BEGIN

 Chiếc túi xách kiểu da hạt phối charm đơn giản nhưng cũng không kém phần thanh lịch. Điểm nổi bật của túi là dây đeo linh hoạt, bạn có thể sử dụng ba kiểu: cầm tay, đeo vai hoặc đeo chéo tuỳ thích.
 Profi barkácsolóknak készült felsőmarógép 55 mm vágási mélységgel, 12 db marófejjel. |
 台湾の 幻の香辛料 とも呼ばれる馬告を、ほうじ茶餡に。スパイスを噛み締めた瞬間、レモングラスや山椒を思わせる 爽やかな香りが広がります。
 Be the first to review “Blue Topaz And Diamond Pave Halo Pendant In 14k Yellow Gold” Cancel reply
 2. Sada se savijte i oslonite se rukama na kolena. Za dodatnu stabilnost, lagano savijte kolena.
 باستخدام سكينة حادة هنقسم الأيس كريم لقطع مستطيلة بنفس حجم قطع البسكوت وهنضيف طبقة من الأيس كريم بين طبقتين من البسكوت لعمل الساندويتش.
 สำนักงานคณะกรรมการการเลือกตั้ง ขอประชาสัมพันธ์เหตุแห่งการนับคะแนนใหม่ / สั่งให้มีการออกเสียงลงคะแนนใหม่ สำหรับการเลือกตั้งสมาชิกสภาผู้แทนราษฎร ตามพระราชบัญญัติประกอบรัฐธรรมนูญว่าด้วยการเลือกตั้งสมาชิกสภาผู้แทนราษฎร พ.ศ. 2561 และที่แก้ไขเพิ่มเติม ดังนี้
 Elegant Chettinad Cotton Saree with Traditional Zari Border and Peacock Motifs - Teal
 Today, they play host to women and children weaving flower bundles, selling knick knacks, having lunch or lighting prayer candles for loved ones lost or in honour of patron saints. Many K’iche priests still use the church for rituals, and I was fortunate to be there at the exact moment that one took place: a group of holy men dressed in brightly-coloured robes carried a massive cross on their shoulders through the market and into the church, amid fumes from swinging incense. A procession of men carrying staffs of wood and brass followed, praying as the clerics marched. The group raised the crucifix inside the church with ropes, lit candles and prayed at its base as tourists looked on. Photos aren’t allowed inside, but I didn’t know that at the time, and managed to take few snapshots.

END

All of the material shown above should be written out exactly.

» Expected answer
 Chiếc túi xách kiểu da hạt phối charm đơn giản nhưng cũng không kém phần thanh lịch. Điểm nổi bật của túi là dây đeo linh hoạt, bạn có thể sử dụng ba kiểu: cầm tay, đeo vai hoặc đeo chéo tuỳ thích.
 Profi barkácsolóknak készült felsőmarógép 55 mm vágási mélységgel, 12 db marófejjel. |
 台湾の 幻の香辛料 とも呼ばれる馬告を、ほうじ茶餡に。スパイスを噛み締めた瞬間、レモングラスや山椒を思わせる 爽やかな香りが広がります。
 Be the first to review “Blue Topaz And Diamond Pave Halo Pendant In 14k Yellow Gold” Cancel reply
 2. Sada se savijte i oslonite se rukama na kolena. Za dodatnu stabilnost, lagano savijte kolena.
 باستخدام سكينة حادة هنقسم الأيس كريم لقطع مستطيلة بنفس حجم قطع البسكوت وهنضيف طبقة من الأيس كريم بين طبقتين من البسكوت لعمل الساندويتش.
 สำนักงานคณะกรรมการการเลือกตั้ง ขอประชาสัมพันธ์เหตุแห่งการนับคะแนนใหม่ / สั่งให้มีการออกเสียงลงคะแนนใหม่ สำหรับการเลือกตั้งสมาชิกสภาผู้แทนราษฎร ตามพระราชบัญญัติประกอบรัฐธรรมนูญว่าด้วยการเลือกตั้งสมาชิกสภาผู้แทนราษฎร พ.ศ. 2561 และที่แก้ไขเพิ่มเติม ดังนี้
 Elegant Chettinad Cotton Saree with Traditional Zari Border and Peacock Motifs - Teal
 Today, they play host to women and children weaving flower bundles, selling knick knacks, having lunch or lighting prayer candles for loved ones lost or in honour of patron saints. Many K’iche priests still use the church for rituals, and I was fortunate to be there at the exact moment that one took place: a group of holy men dressed in brightly-coloured robes carried a massive cross on their shoulders through the market and into the church, amid fumes from swinging incense. A procession of men carrying staffs of wood and brass followed, praying as the clerics marched. The group raised the crucifix inside the church with ropes, lit candles and prayed at its base as tourists looked on. Photos aren’t allowed inside, but I didn’t know that at the time, and managed to take few snapshots.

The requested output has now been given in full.